What happened
CodeWall's autonomous agent mapped Lilli's publicly documented API surface, identified 22 unauthenticated endpoints, exploited SQL injection in JSON key names on a search endpoint (bypassing value-parameterization protections), chained with IDOR for account-level access, and achieved unrestricted production database read/write in 15 blind iteration cycles.
Why it matters
Full read/write access to McKinsey Lilli's production database: 46.5 million chat messages, 728,000 files, 57,000 user accounts, 95 AI system prompts, 3.68 million RAG document chunks, and 94,000 AI workspaces. Write access meant any system prompt governing how 43K employees' AI assistant behaved could be silently modified with no code deployment required.

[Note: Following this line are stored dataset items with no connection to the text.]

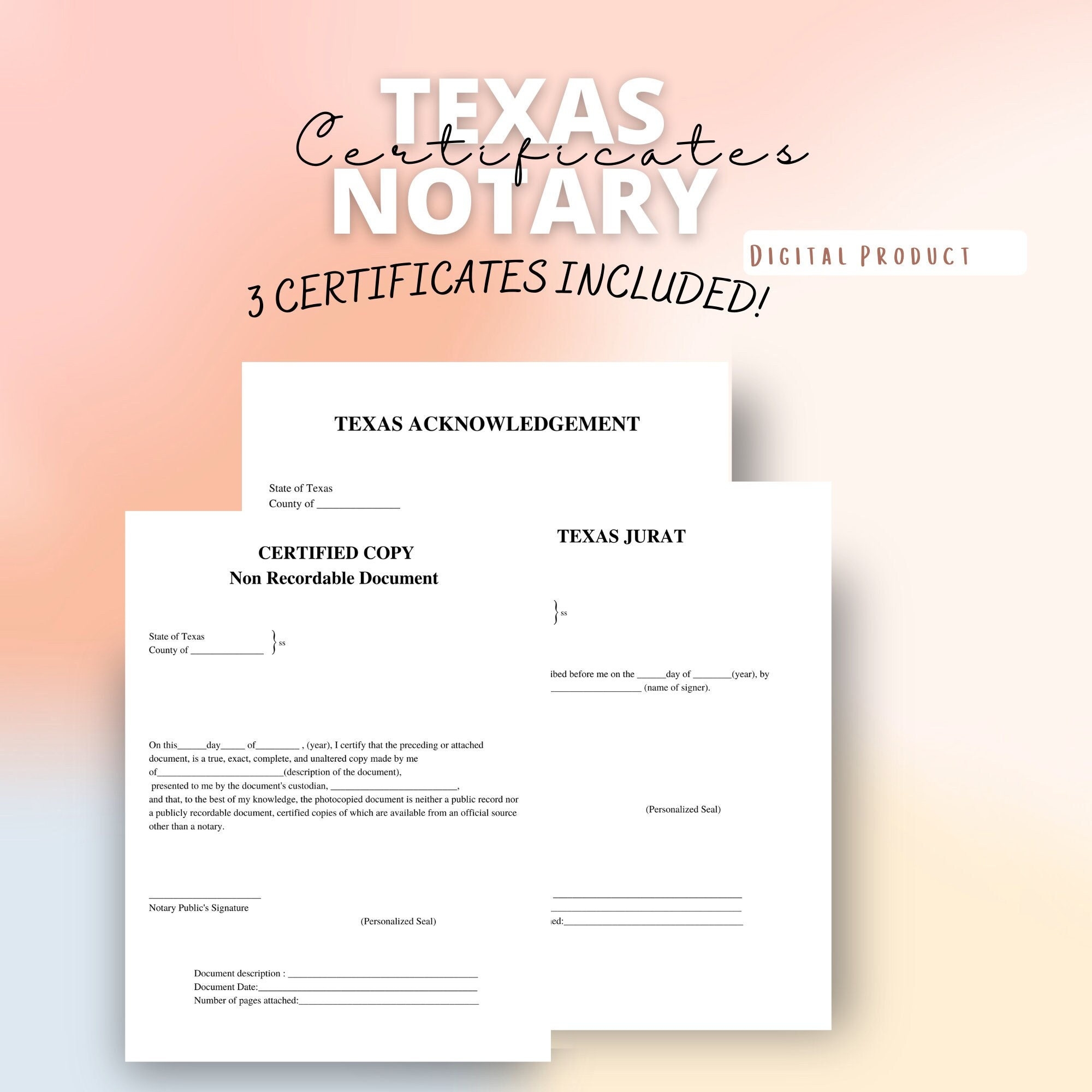 Texas Notary Certificates Notary Public Signing Agent Notary Forms Etsy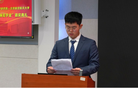 获奖学生代表、华罗庚数学拔尖基地2024级学生陈乘功发言。他表示,将努力传承和弘扬华罗庚精神和以“空天报国”为内核的北航精神,积极参与到学科培养、人才发展的科研中,深耕数学领域,不断追求卓越,努力成长为国家需要的基础学科拔尖创新人才。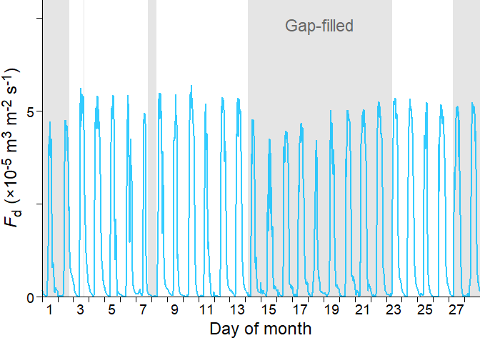 The shaded area represents the gap-filled period by the random forest model. You can see that the imputed time series reproduced the diurnal cycle of the non-imputed time series successfully.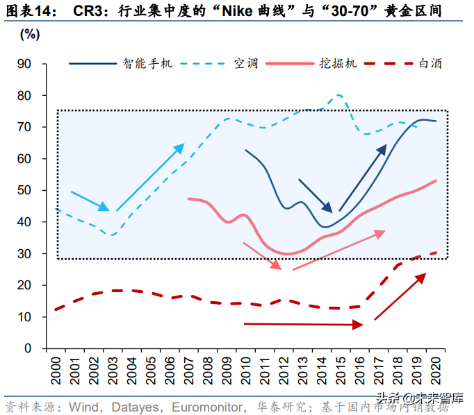 2) 龍頭進(jìn)階傾向于發(fā)生在 30-70%的 CR3 區(qū)間。智能手機(jī)、空調(diào)、挖掘機(jī)的集中度趨勢 回升均發(fā)生在 30-70%的 CR3 區(qū)間,空調(diào)、智能手機(jī)的 CR3 達(dá)到 70%后就進(jìn)入平臺 期,而白酒的 CR3 在 10-20%的區(qū)間長期震蕩。邏輯上,過高或過低的 CR3 都不利于 集中度的趨勢性抬升,CR3 低于 10%時,市場格局尚不清晰,龍頭的競爭優(yōu)勢還不足 以快速整合市場;CR3 超過 70%時,市場已處于壟斷、寡頭或壟斷競爭階段,進(jìn)一步 市場整合的邊際成本加大。

Missing authorization check
All 22 unauthenticated endpoints should have required authentication before accepting user input. The search endpoint's SQL construction should have parameterized both values and key names. An autonomous agent invoking any database-write operation should require an explicit authorization receipt naming the target table and operation scope.
Would PP block it?
PP's coverage applies to AI agent actions, not to direct HTTP exploitation of unprotected API endpoints. An external attacker calling Lilli's unauthenticated endpoints directly bypasses any PP enforcement sitting inside Lilli's agent runtime. However, if Lilli's own AI agent actions (its tool calls for search, RAG retrieval, and data writes) routed through PP, the Tool-Call Gate would surface any agent action that writes to the database without a human-signed receipt - making the silent system prompt modification attack harder. The endpoint authentication gap is outside PP's scope.